Critical voices pointed to several ethical issues such as the rise of economically motivated decisions leading to patient harm, the rising pressure on physicians, and an increasing administrative work load that might be prioritised over the contact with patients [15]. Some anticipated a climate of growing mistrust and feared a reduction of physicians’ autonomy [16]. Many of these concerns also applied to nursing, including an anticipated lack of human resources as one of the prominent worries [17]. At the same time the importance of scientific research on the impact of DRG was emphasised [6].
Over the past years and in light of the upcoming implementation, the number of training seminars, conferences and published materials to familiarise Swiss health care workers – and future DRG controllers in particular – has increased, focusing mainly on explaining how the system works [4] (examples for conferences, workshops and exchange: http://www.swissdrg.org/de/02_projekt/veranstaltungen.asp?navid=8, http://www.fasmed.ch/fileadmin/pdf/fasmed/Zeno%20Swiss%20DRG.pdf, http://www.intensivpflege.ch/fileadmin/redaktion/Downloads/Kongress_2010/Alpiger__R.pdf). These events and materials are usually matter-of-fact training, with a certain publicity element to them, in many cases conveying DRGs as a rational, modern management tool. Possible moral conflicts typically remain unmentioned in these teaching seminars.
Given the rapid spread of DRGs in many countries and the anticipated and also anecdotally reported ethical problems it is remarkable that only few scientific studies have been or are being conducted. No country has so far developed a comprehensive monitoring system that evaluates expected benefits and problems, and which reflects the results from an ethical perspective. However, taken together there is a substantial body of literature that can guide the development of a larger study on DRGs, and which also takes moral problems into account.
The most prominent research projects from the USA were studies that anticipated ethical tensions: A two-year Hastings Center project on “Ethics and DRG” carried out in the late 1980s assumed that the cost containment strategy would leave no sector or participant in the health care system untouched [18]. For example, the impact on nurses and social work [19], or on the doctor-patient-relationship and the transformation of ethical practice [20] were discussed. Some feared drastic human cost: “If our concerns are valid, the human cost will be unconscionable. Access, quality of care, medical progress and the autonomy of hospitals will all be sacrificed in the name of efficiency.” [21]. No systematic evaluation of the ethical concerns that were raised in these early papers has been conducted.
Germany has legal requirements for a systematic scientific evaluation of the implementation of DRGs, but this has so far not been fully implemented (Krankenhausfinanzierungsgesetz § 17 b Abs. 8). The IGES institute in Germany is responsible for monitoring the effects of DRGs. So far, a decrease in health care quality has not been reported. Yet publications state that it is too early to make a final statement on the effects of DRG; an explicit mention of ethical aspects is missing (IGES Institut, 2010. G-DRG-Begleitforschung gemäss § 17b Abs. 8 KHG. Endbericht des ersten Forschungszyklus (2004-2006), Berlin and IGES Institut, 2011. G-DRG-Begleitforschung gemäss § 17b Abs. 8 KHG. Endbericht des zweiten Forschungszyklus (2006–2008), Berlin).

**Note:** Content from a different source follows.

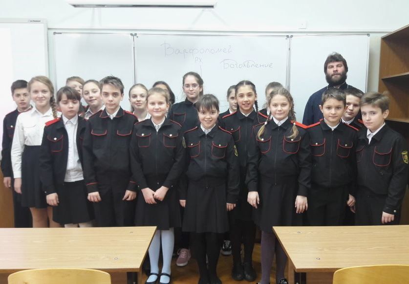 17 января в гимназии №3 города Краснодара штатный священник Свято-Сергиевского храма протоиерей Иоанн Воронов провёл беседу с казачьей молодёжью 5-го «К» класса казачьей направленности.
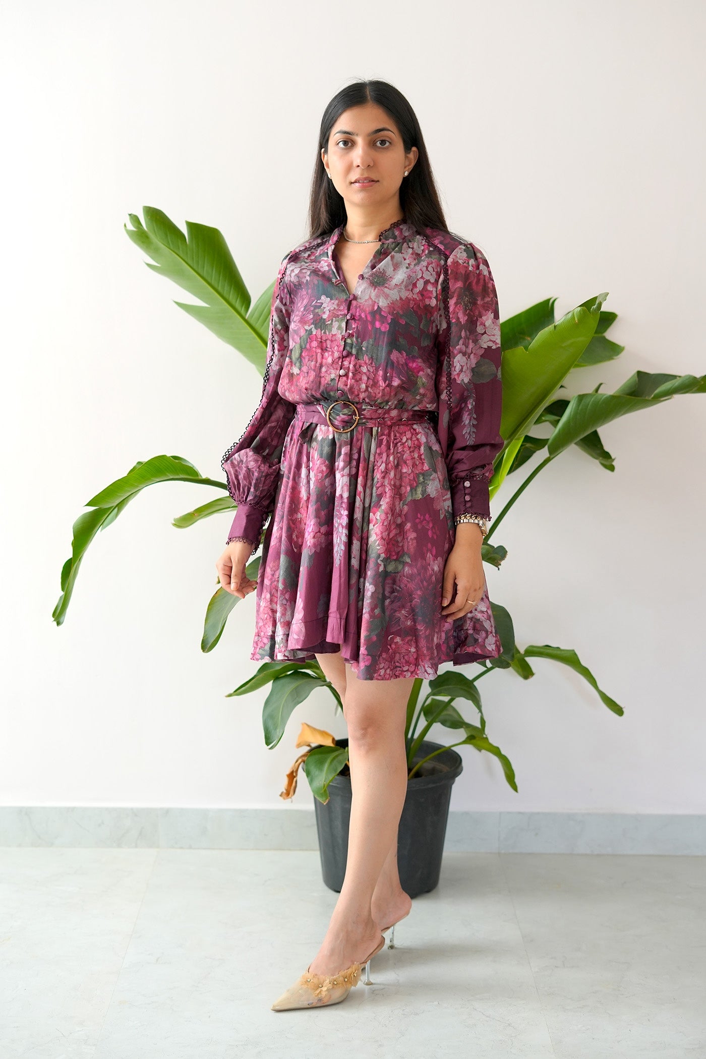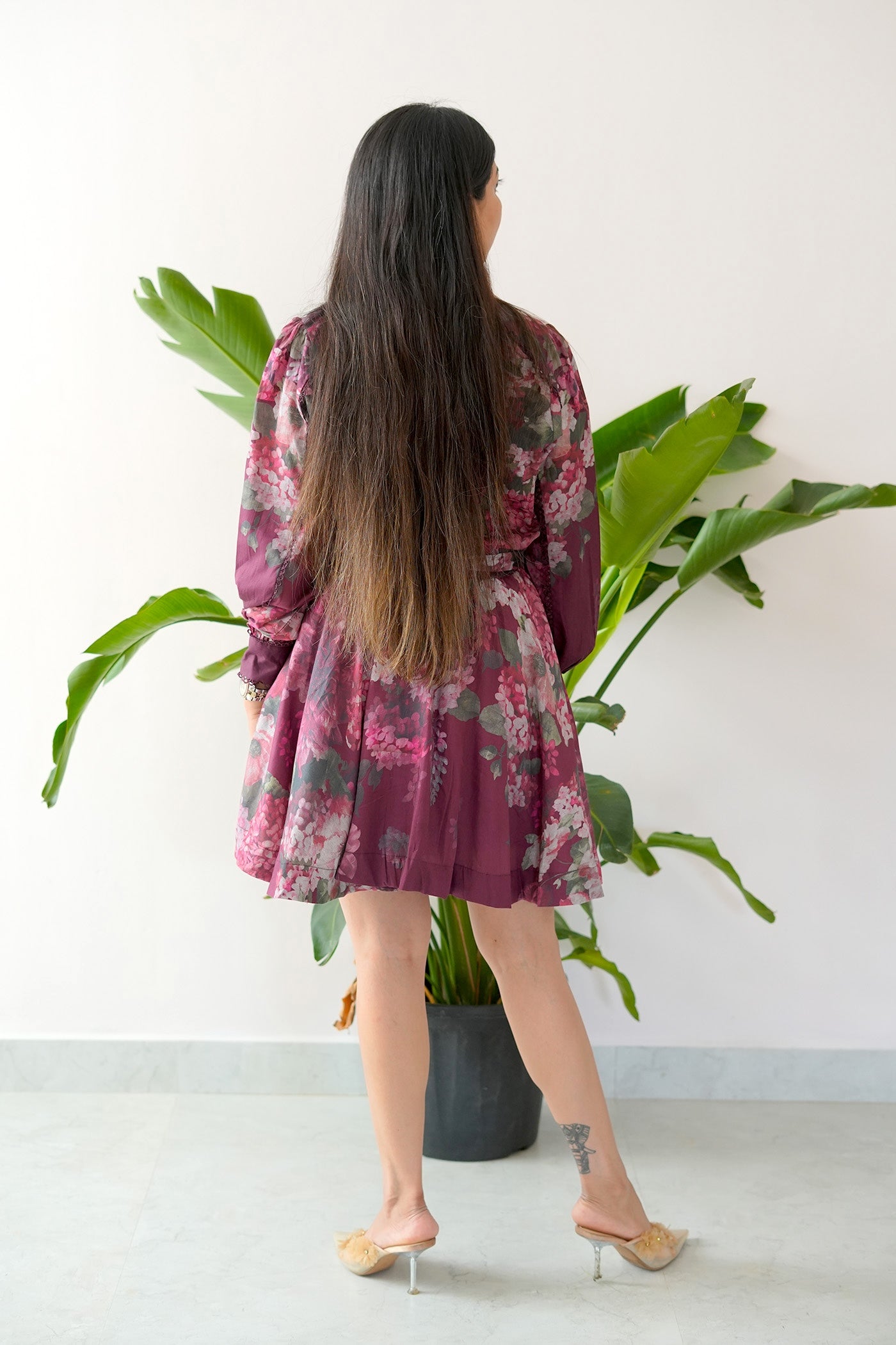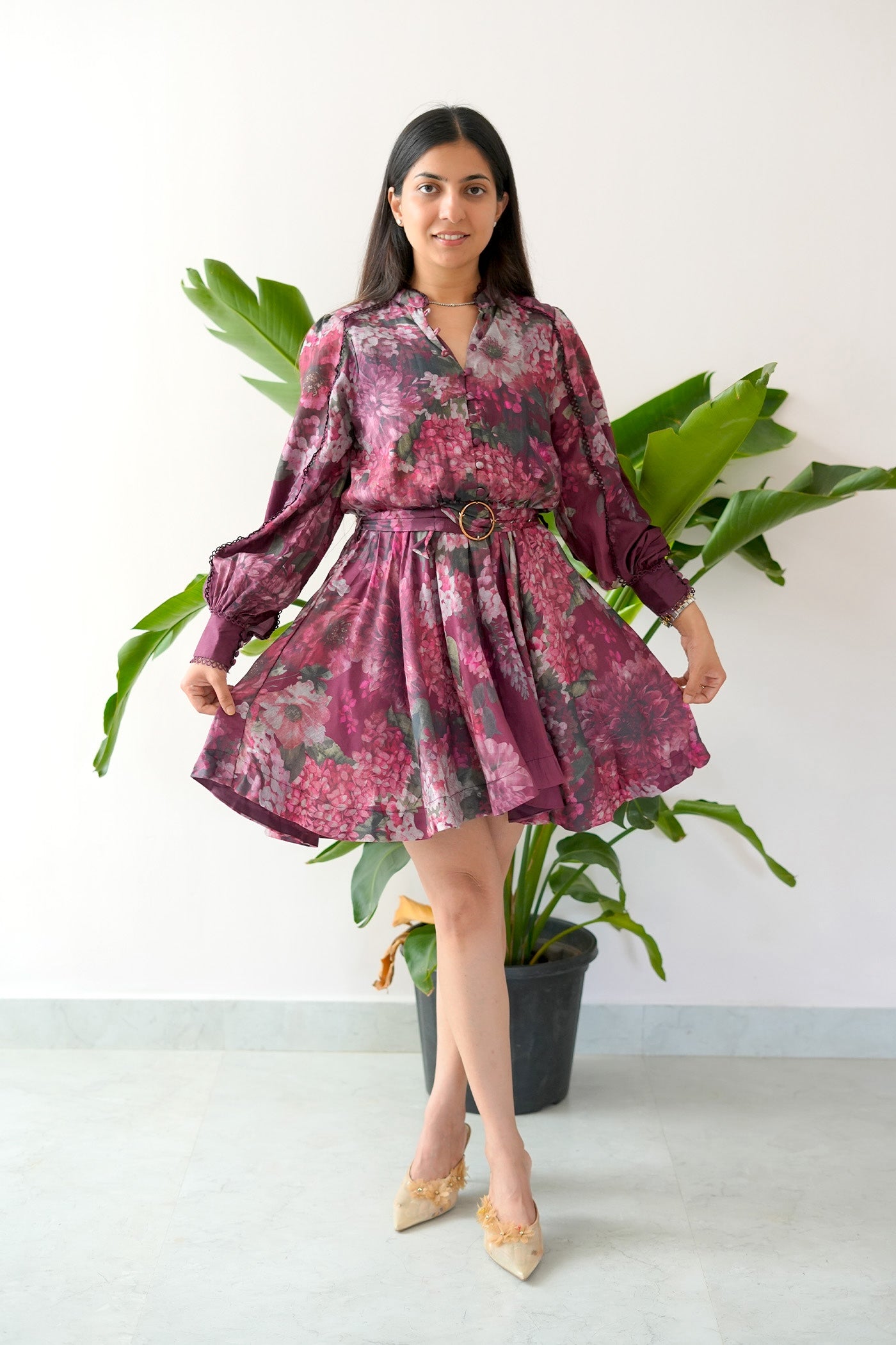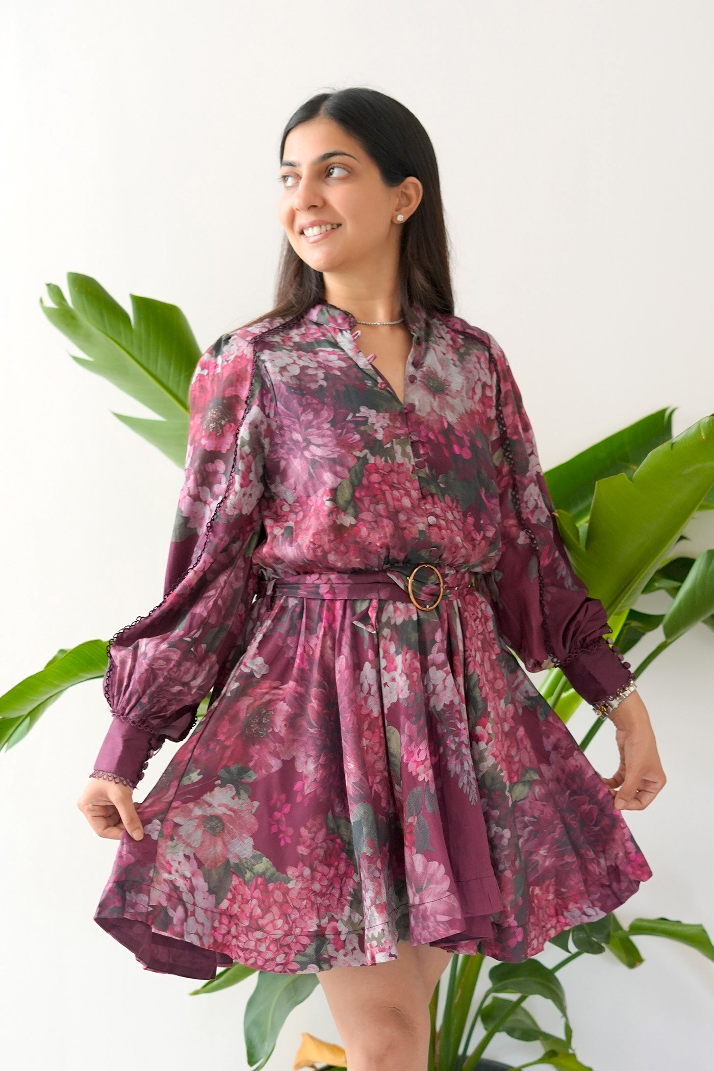 Meet Coca Cola — a flirty fusion of vintage charm and modern flair. This berry-toned short dress bursts with floral romance and a flattering fit, making it your go-to for brunches, date nights, or festive evenings. Crafted in flowy fabric with an elegant belt and bishop sleeves, it brings the perfect mix of playful and polished.

However, some isolated studies are helpful for identifying ethically relevant criteria when implementing DRGs. These studies are concerned with (1.) quality of health care [22–24], (2.) working conditions of health care workers [24–27] and (3.) access to health care [28–30].
We structured the ethical concerns which we could find in our extensive literature research and compiled them in one document. In order to refine and confirm the relevance of these ethical issues for the Swiss context we sent the document in a small Delphi Study to 67 Swiss experts from medicine, nursing, hospital management, politics, health insurances, advocacy groups for patients and disabled people, medical ethics and SwissDRG AG. In a process of written and oral exchange with the experts we developed a detailed plan by grouping the identified areas of concern into three clusters.
1. Patient care and relatives, including criteria such as access to health care, coding effects on treatment and out-patient care.
2. Professional ethos, asking for example whether there are conflicts of interest between the professional ethos and the actual working conditions and if yes, what consequences they might have.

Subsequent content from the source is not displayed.